16. October 2005 · Comments Off on Response To A Disgruntled Reader · Categories: General, Site News, Technology

This is a response to Reader Scott’s comment to this post

Well Scott – it’s nice to see we still have you as a reader. But, if indeed you have been a reader for over two years, as you say, you must surely understand and appreciate the fact that, on this blog, we don’t mince words. If you act as a fool, you will be called a fool.

And all our readers should know that, were I referring specifically to you, Scott, I would have called you by name. But I used the generalization “some idiot” because your comment was typical of many readers (as well as callers, LttE writers, “People on the Street”, etc., to this or any other media) who seem to have a firmly established opinion, despite any evidence of knowledge, or rational evaluation, of the subject upon which they are commenting.

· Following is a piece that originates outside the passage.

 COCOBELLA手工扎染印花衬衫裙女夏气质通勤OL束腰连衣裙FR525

In the automotive field, I recall some idiot commenting on this post (Sorry, comment threads were deleted from the old MT blog.), who claimed his overboosted Supra Turbo was “better” than a Bentley Continental GT. Well, while I wouldn’t call myself an expert, particularly relative to the luminaries I have been in the presence of, I have had vast experience with tuner cars. And I can say, without reservation, that, while that idiotic reader’s Supra might have been “better” than a Bentley Continental GT in some very limited context, there is no way – NO WAY – that it would be an appropriate Bond Car – particularly to the Bond book reader, who knows that Bond’s car is not simply a pursuit and escape vehicle, but also a meditation chamber.

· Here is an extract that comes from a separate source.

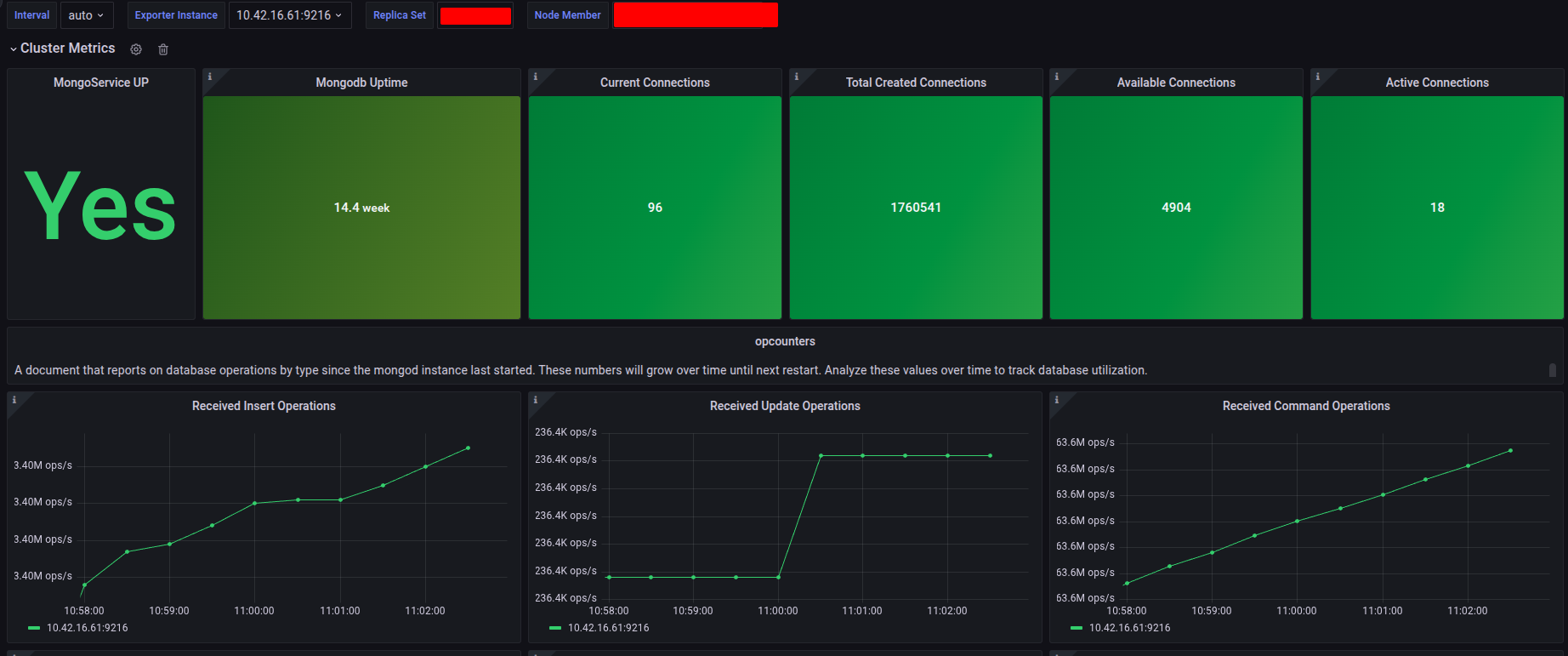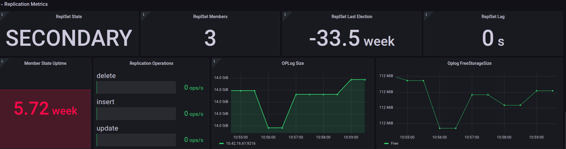 With MongoDB, I define it original and try to add also replicaset into dashboard, please check this one at MongoDB Metrics for Collection and ReplicaSet and import them if you want

Anyway, Scott: First let me say that everyone is entitled to their opinion on styling. Personally, while I consider the Chrysler 300 to be visually interesting, and hardly offensive, and the Magnum a pretty great job at doing a station wagon (while not as great as the original Ford Taurus), I look at the Charger and say, “gawd, this piece came from the same people who gave us the Mercedes CLS?” So, perhaps we are in agreement there.

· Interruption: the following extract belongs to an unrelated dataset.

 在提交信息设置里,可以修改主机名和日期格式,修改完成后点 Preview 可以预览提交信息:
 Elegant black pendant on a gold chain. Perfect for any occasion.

But now, when you talk about engineering, it’s a ‘ol difrn’t mata’. Your “fifty year-old” technology citation is, on its face, completely without merit. First, I have examples of crossflow cylinder head designs dating back to the ‘teens. And DOHC 4VPC designs were being done by Offenhauser, Duesenberg, and others, in the late ‘twenties. Bringing this to present-day, the most easily accessible crosspoint is in comparison of the Nissan Titan and the Dodge Ram 1500 Hemi (and, if you want to throw in the Ford F-150 – 5.4 Triton, with it’s SOHC 3VPC format, feel free). Obviously, upon comparison of the “technical specifications”, the Nissan’s motor is by far the most sophisticated. But, “when the rubber meets the road”, the comparison is far more muddled. In fact, at another, more obscure, crosspoint – The Jeep Grand Cherokee Hemi can lay the Porsche Cayenne to waste.

But, when you talk about It’s a Hemi, you are not talking about technology, you are talking about icons, And I can assure you – my mother had a ’56 Imperial Crown, and I had a ’67 GTX – Hemi is a powerful icon in American car (and popular) culture. And I can also assure you that, in today’s dismal family sedan market (from which America’s PDs prefer to draw their petrol/pursuit vehicles), the Chrysler LX platform (300, Magnum, Charger) stands a good chance of achieving iconic status itself.